▸ PROBLEM TO SOLVE
Only an exact repeat of the listing, without its images, counts as the answer.

▸ MATERIAL PROVIDED
#####

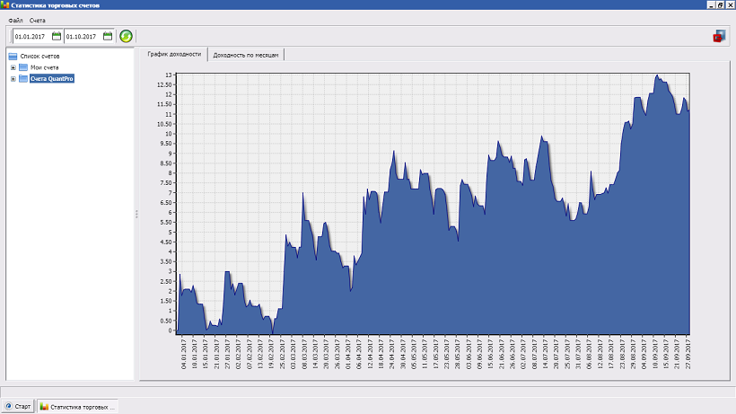 Эквити нашего системного портфеля с начала 2017 года показана на следующем рисунке. Доходность с начала года на текущий момент составляет +11.22%. Доходность за последние двенадцать месяцев: +23.56%.
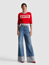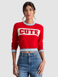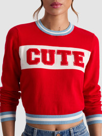 A playful nod to nostalgia. The Carolann pullover is quite literally a cute sweater - it's crafted in a soft cotton blend, finished with colorful embroidered patchwork that spells out “cute” in classic collegiate lettering. The shrunken fit works well layered over dresses or with a high-rise skort-perfect for adding personality to your prep rotation. DETAILS - Knit sweater - Shrunken fit - Embroidered patchwork - Crew neck - Striped tipping - 97% cotton, 3% elastane - Dry clean only - Imported FIT - Model is 5'10" and wearing a size XS - Length from the shoulder: 18 1/2" - Fits true to size, take your normal size
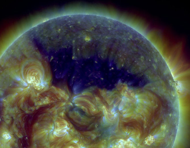 Корональные дыры ― области в верхних слоях солнечной атмосферы, где силовые линии магнитного поля расходятся и солнечный ветер свободно истекает в космическое пространство. Данное обстоятельство вызывает магнитные бури на орбите Земли.
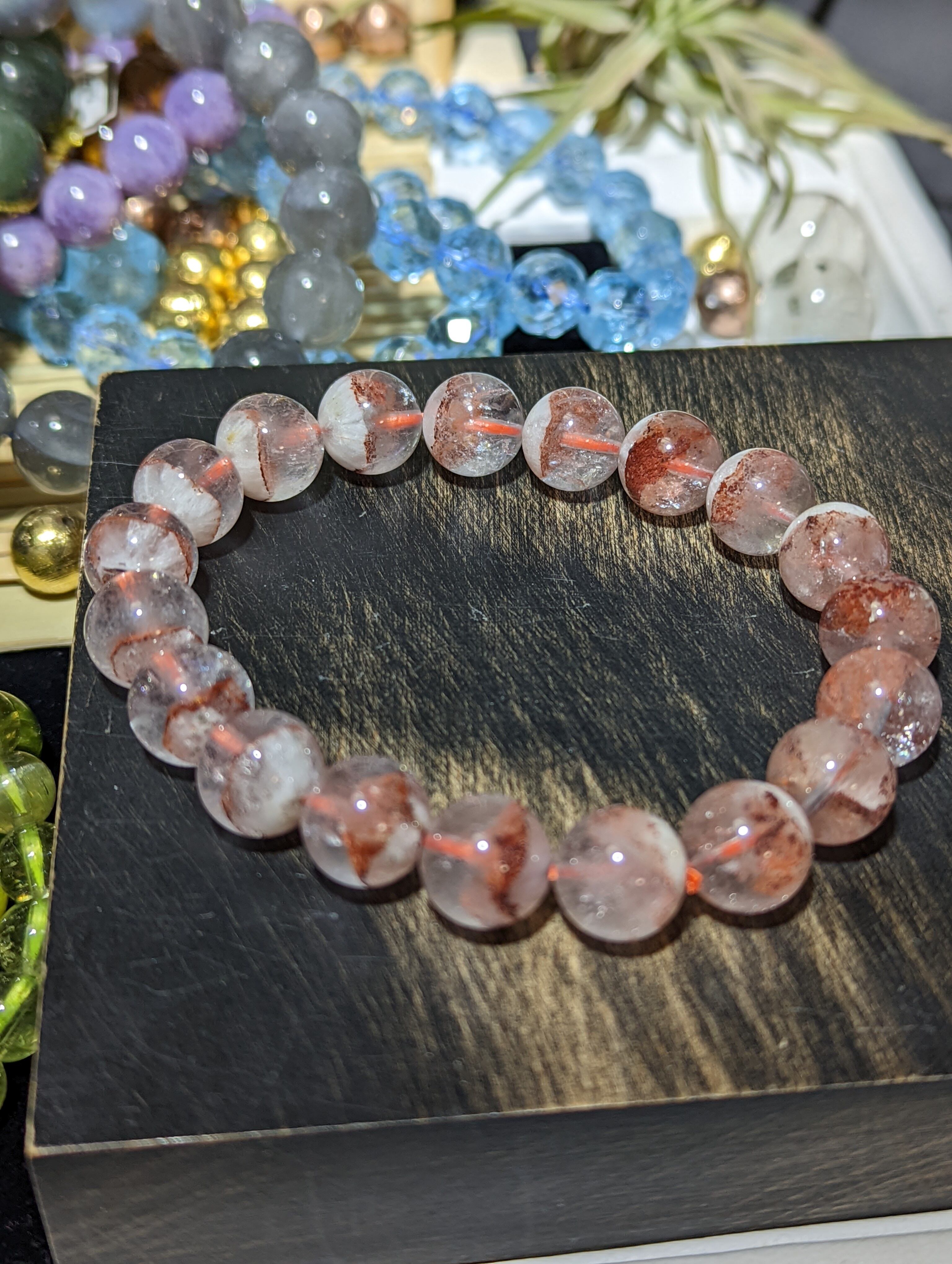 B0423-04 レッドファントムインクォーツ10.5mm 16.5センチ

#####

▸ TASK ANSWER
 Эквити нашего системного портфеля с начала 2017 года показана на следующем рисунке. Доходность с начала года на текущий момент составляет +11.22%. Доходность за последние двенадцать месяцев: +23.56%.
 A playful nod to nostalgia. The Carolann pullover is quite literally a cute sweater - it's crafted in a soft cotton blend, finished with colorful embroidered patchwork that spells out “cute” in classic collegiate lettering. The shrunken fit works well layered over dresses or with a high-rise skort-perfect for adding personality to your prep rotation. DETAILS - Knit sweater - Shrunken fit - Embroidered patchwork - Crew neck - Striped tipping - 97% cotton, 3% elastane - Dry clean only - Imported FIT - Model is 5'10" and wearing a size XS - Length from the shoulder: 18 1/2" - Fits true to size, take your normal size
 Корональные дыры ― области в верхних слоях солнечной атмосферы, где силовые линии магнитного поля расходятся и солнечный ветер свободно истекает в космическое пространство. Данное обстоятельство вызывает магнитные бури на орбите Земли.
 B0423-04 レッドファントムインクォーツ10.5mm 16.5センチ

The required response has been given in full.